Everything we must teach our Black boys and girls requires nuance. You must be strong and assertive but know that you may be intimidating simply by walking into a room. Remember you belong here (valedictorian, boss, team captain), but people may tell you you don’t. We must constantly negotiate a world of contrast and mixed messaging and teach our children to compensate for things, and in ways, that they can’t even understand.
Parents of white children have the power to create listeners and allies. Actively seek out inclusive organizations and avoid those that are not and then explain those choices to your kids. Maintain a diverse group of friends, ask questions and engage in dialogue with those who have had different cultural experiences than yours. You almost certainly have different perceptions of fairness and equality because you experience it as a white person; to acknowledge that reality is integral to the pursuit of racial equity and justice.
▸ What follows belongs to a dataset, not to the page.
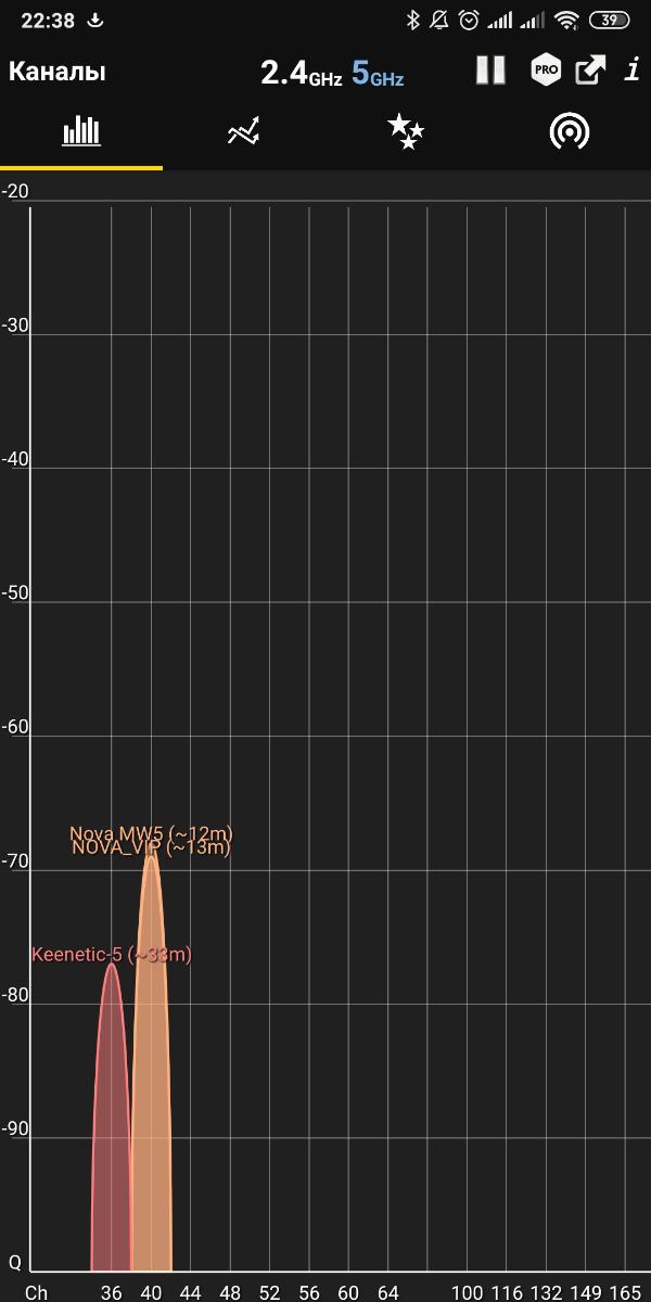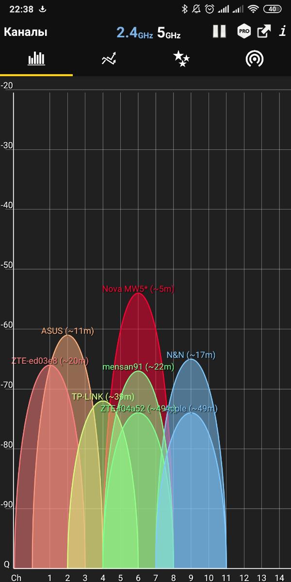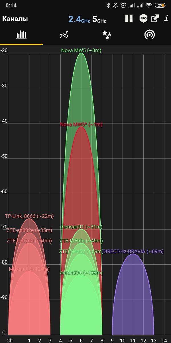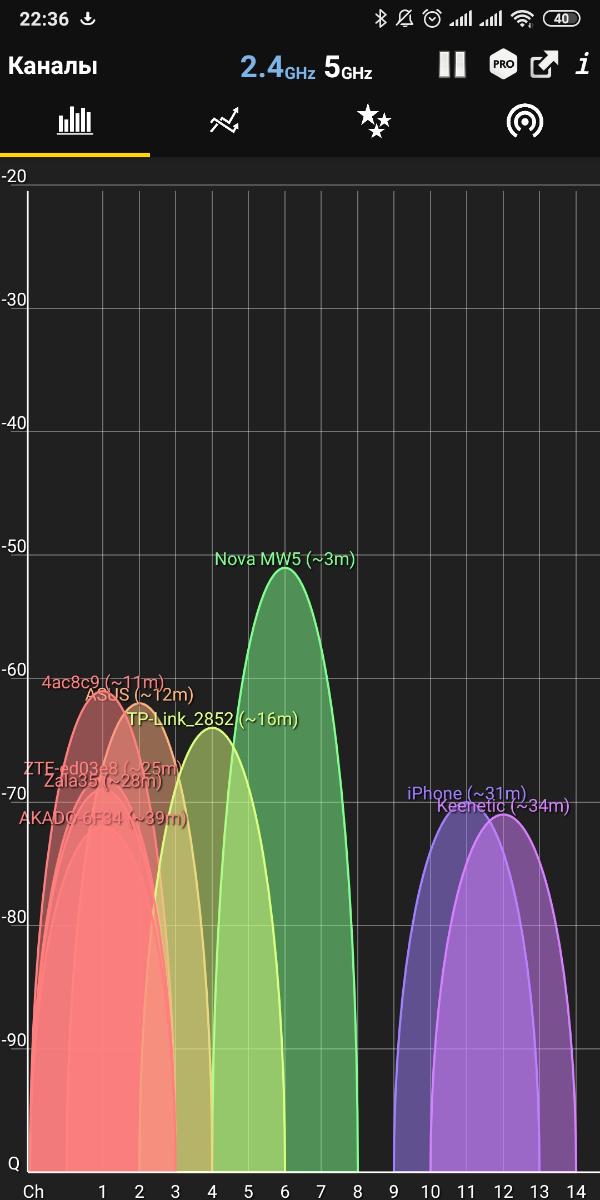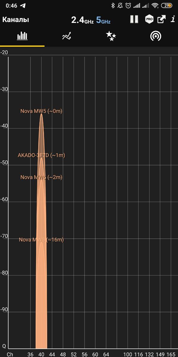 Сразу оговорюсь, что в условиях помещения площадью 70 кв.м. проблемы выявить сложно, т.к. ноды располагаются близко и с легкостью покрывают всю площадь. Приведу примеры на частоте 2,4 и 5 ГГц по очереди.

4. Demonstrate that it’s everyone’s fight.
If we focus on how alike we are as human beings, we might just expose to our children how artificial the things that divide us truly are. Talk about the power of partnership.
One of the most emotional conversations I had with my children this summer happened as we watched coverage of marches from LA to NYC. Showing them a clip of the protests, I began to cry — but in joy, not sorrow. “Look at the crowd,” I told them. “Do you see who is marching? It’s not just Black people! It’s white people. It’s everyone.”
Movements are collaborative and our kids need to know this is a shared battle. We are in this together. The Civil Rights Movement doesn’t work without white people. Social and racial justice in 2020 doesn’t work without white people. This can and should be celebrated.
5. Do Unto Others.
Finally, I think one of the most important elements of any conversation white parents have with their kids in the context of race has more to do with humanity than color. Quite simply — follow The Golden Rule.
As parents, it is our responsibility to raise a generation of human beings who want to learn from, listen to and understand each other. Can you imagine a white police officer jamming his knee into the side of a Black man’s neck as “treat everyone the way you want to be treated,” runs through his head? Neither can I.
Talking to my son this summer about why a policeman may treat him differently than his friends, simply because of the color of his skin, was heart-wrenching for me. It was clearly bewildering to a boy who adores police officers and at that time, wanted to be one. The only solace I find is in telling him that I will surround him – and that he must surround himself – with people who love him, listen to him, speak up for him, stand by him and help him stay safe.
When we become open and honest about our country’s racial history, normalize the conversation around race and commit to work together, we will raise educated and empathetic kids who will fight for the change our world so desperately needs. We can’t afford to wait.